Неизвестный, припав к земле за плащом, наложил стрелу на тетиву, приподнялся, быстро нацелил в бок стоявшему нетерпеливо Светославичу… и вдруг лук и стрела выпали из рук его.
— Жупан мой! Кирк мой Марко! — едва проговорил он трепетным голосом, упав на колена.
— Отец мой! — вскричала дева, бросаясь к Светославичу. — Отец мой! спаси меня от похитителя, от насильника Зуввеля!
— Не верь ей, Жупан Марко! — вскричал неизвестный, подползая на коленях к Светославичу, который смотрел то на деву, то на незнакомца и не постигал речей их.
— Не верь ей! — продолжал незнакомец. — Она женщина!.. я расскажу тебе все, как было. Раим Зуввель, старый слуга твой, так же верен, как верен тебе меч, который носишь ты при бедре.
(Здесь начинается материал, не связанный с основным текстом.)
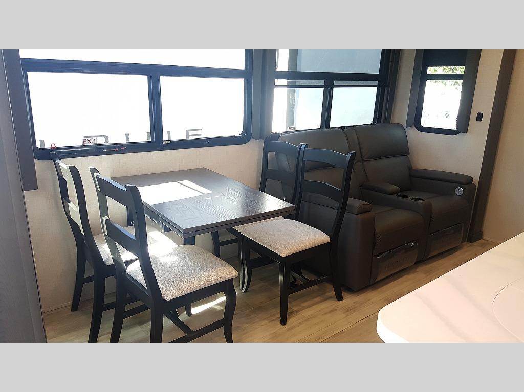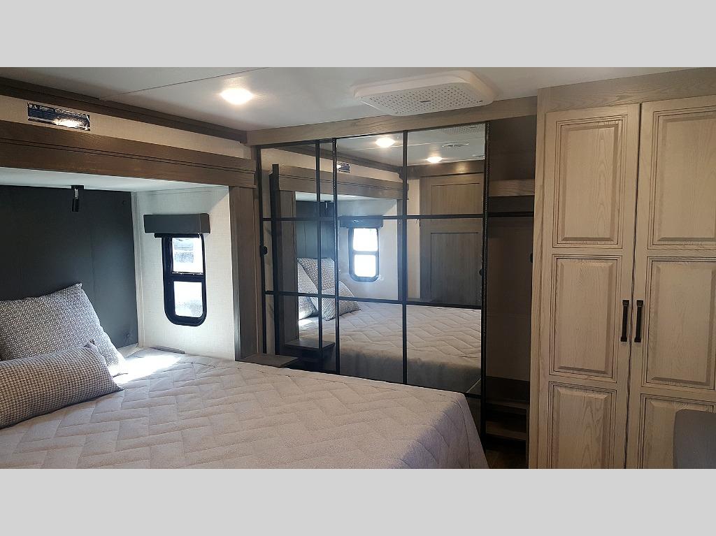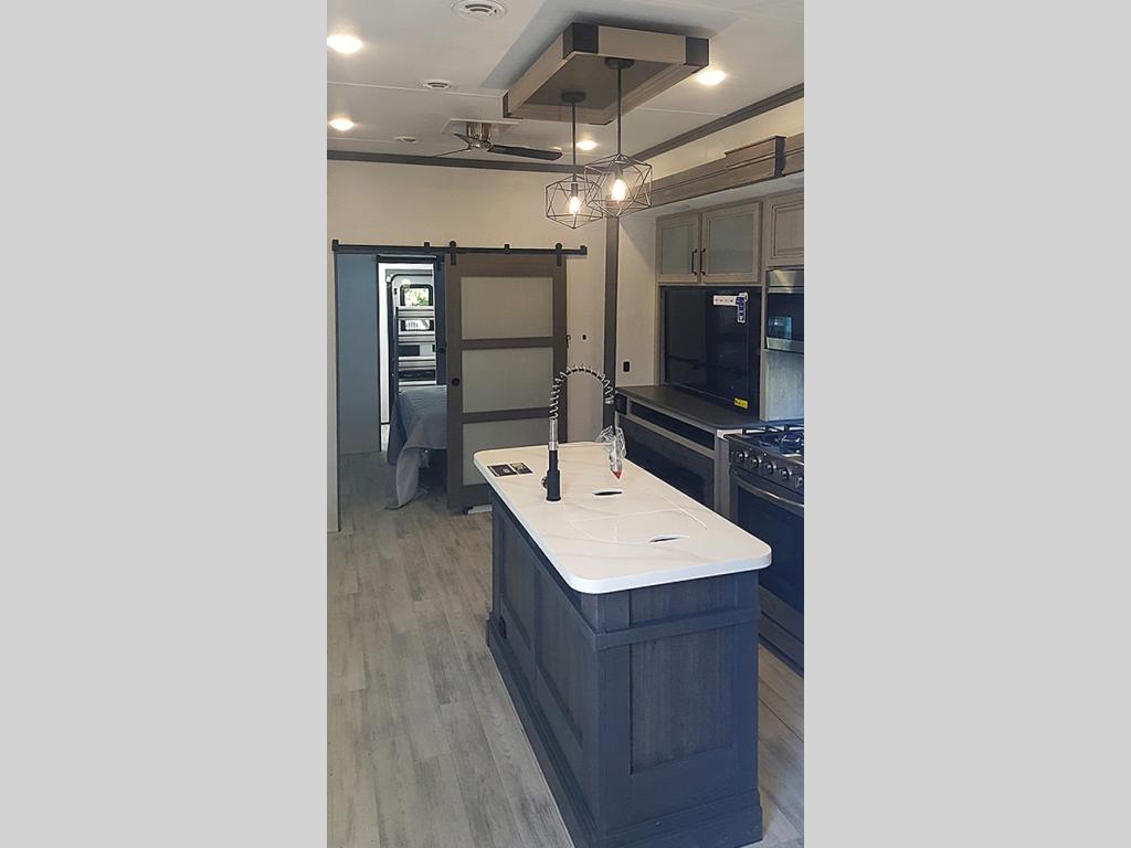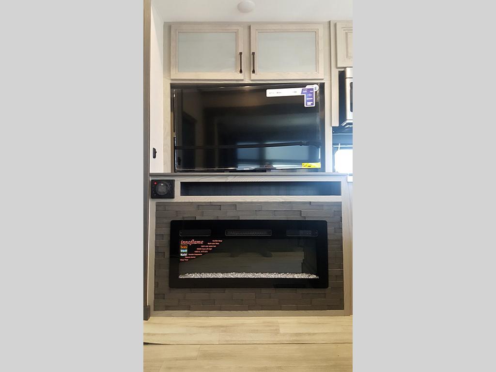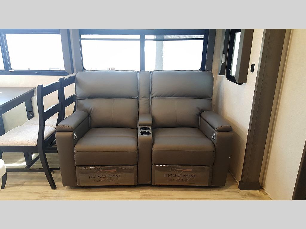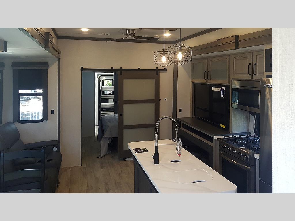 Get ready for family fun in this fifth wheel offering a front master bedroom with a king-size bed slide, plus a second master bedroom for your guests! The second bedroom includes a queen-size bed slide and a spacious rear full bathroom with a private entry/exit. The open concept main living and kitchen area offers dual opposing slides which includes theater seating, a free standing dinette, a fireplace, a center island and walk-in pantry. These full kitchen amenities are sure to make meal prep and cooking easy, especially with a convection microwave, Insignia kitchen appliances, and an 18 cu. ft. residential refrigerator with an ice maker.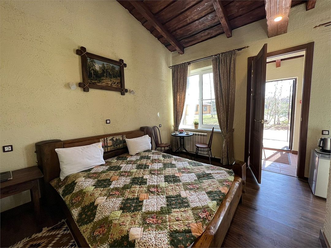 Номер с отдельным выходом и собственной зоной отдыха, в стиле шале, с высокими потолками и потолочными балками. Оснащен 2-спальной кроватью из массива дерева ручной работы с росписями у изголовья.

— Не верь ему, отец мой, не верь!.. клеветою полны уста его! — восклицала дева.
— Верно слово мое, как правое око Тира, когда удостоивает он метить громоносною стрелою в противных ему великанов. Третья луна народилась с тех пор, как ты, великий Жупан, пошел с людьми своими отнимать у врагов родные свои земли Дунайские. Без тебя правил я верно и праведно слугами твоих высоких горниц и белого двора твоего. Скажут тебе подтверждение покорных речей моих Сардарь 44 твой и Редялы. В Вертах твоих не коснулась ни одна стопа до разостланных ковров Маем, только дочь твоя Вояна водила хороводы с Панскими дворовыми девами и пела песни; ты ведаешь, великий Каган, презренного раба твоего Гусляра Словаке Радо?..
Восклицание девы перервало слова Зуввеля; она закрыла лицо свое.
— Не ведаю как, — продолжал Зуввель, — только Радо бывал в хороводах в женской одежде, а узнал я про то…
— Ой, богами! не веруй ему, отец мой, не веруй! — возопила дева, и вдруг очи ее заблистали, она с отчаянием кинулась на Зуввеля, выхватила нож из-за пояса его; как молния из тучи, блеснуло железо в руках ее…
Зуввель опрокинулся лицом ниц, кровь хлынула ключом… Отлетела душа его, как испуганный ворон от трупа.
Дева без чувств покатилась на землю. Мохнатый пес завыл.
Долго стоял юноша, пораженный чудным зрелищем.
«Вот чем поили меня!..» — произнес он наконец и, с отвращением отбросив взоры свои от потока крови, слез с коня, поднял беспамятную девушку с собою на седло и поехал далее.
Конь его шел плавным, скорым шагом; пес бежал впереди, свесив язык в сторону, изогнув хвост улиткой. Дорога разделилась на два пути, один пошел прямо к Русскому морю, другой потянулся подле высокого земляного вала. Вправо от Хилей, т. е. Святой земли, синелись воды Зиавара.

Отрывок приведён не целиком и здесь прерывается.